一方,総務省のホームページに掲載されている「衛星放送の現状〔平成26年度第1四半期版〕」(平成26年4月1日 平成26年度第1四半期版 総務省情報流通行政局 衛星・地域放送課 編集・発行)と題する資料によれば,平成26年4月1日現在,被請求人は,衛星基幹放送事業者及び衛星一般放送事業者のいずれにも含まれていない(甲3)。また,総務省のホームページに掲載されている「衛星放送の現状〔平成26年度第4四半期版〕」(平成27年1月1日 平成26年度第4四半期版 総務省 情報流通行政局 衛星・地域放送課 編集・発行)と題する資料によれば,平成27年1月1日現在,被請求人は,放送中の事業者として,衛星基幹放送事業者及び衛星一般放送事業者のいずれにも含まれていない(甲4)。さらに,被請求人は,電気通信事業法に基づく電気通信事業の登録に関する証拠を提出しているが(乙9),放送法に基づく衛星基幹放送事業者の認定及び衛星一般放送事業者の登録に関する証拠を提出していないのであるから,衛星放送の業務を行うことについて,総務大臣の認定及び登録のいずれも受けていないと強く推測される。
そうすると,被請求人は,放送法上の制限によって,日本国内において衛星放送の業務を行うことができない。すなわち,被請求人は,本件商標に係る標章を,日本国内において業として衛星放送の役務について使用をすることはできない。
(3)「本件審判の請求の登録前3年以内(以下「要証期間内」という。)に日本国内において衛星放送の業務を行っている」旨の主張に対する反論
ア 乙第4号証について
乙第4号証の2(抄訳)には,「ABSは,メディア,放送局及び電気通信会社に対し,衛星(ABS-1A,ABS-2,ABS-3,ABS-6及びABS-7)を利用して放送するためのCバンド及びKuバンド両方の中継器を提供しています。」と記載されている。これは,被請求人が,放送事業者等に対して放送に用いられる設備を提供することを示しているだけであり,「放送の業務」を行っていることを示すものではない。

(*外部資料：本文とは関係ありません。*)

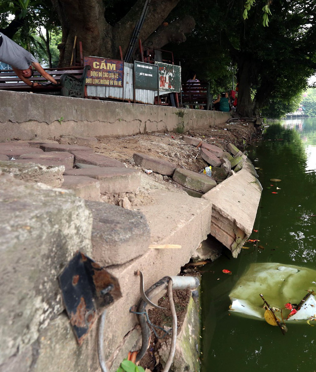 Tuy nhiên, ghi nhận của Báo Gia đình & Xã hội trước đó cho thấy, khu vực bờ Hồ Gươm, đoạn ven đường Lý Thái Tổ, nhà hàng Thủy Tạ xuất hiện nhiều đoạn xuống cấp, bờ kè bị đứt gãy, gạch đá nằm ngổn ngang, mảng bê tông lớn sụt trôi xuống hồ.

乙第4号証の3(抄訳)には,「ABS衛星は,ケーブルシステムに固定された有線以外の方法でテレビやラジオチャネルを提供するための,優れたDHTプラットフォームを提供します。」と記載されている。これも,被請求人が所有する衛星が,放送に用いられる設備であることを示しているだけであり,被請求人が「放送の業務」を行っていることを示すものではない。
乙第4号証の4(抄訳)には,「ABS衛星は,アジア太平洋地域全体のケーブルシステム事業者に対して,テレビチャンネルを提供するための理想的なプラットフォームを提供します。」と記載されている。これも,被請求人が所有する衛星が,放送に用いられる設備であることを示しているだけであり,被請求人が「放送の業務」を行っていることを示すものではない。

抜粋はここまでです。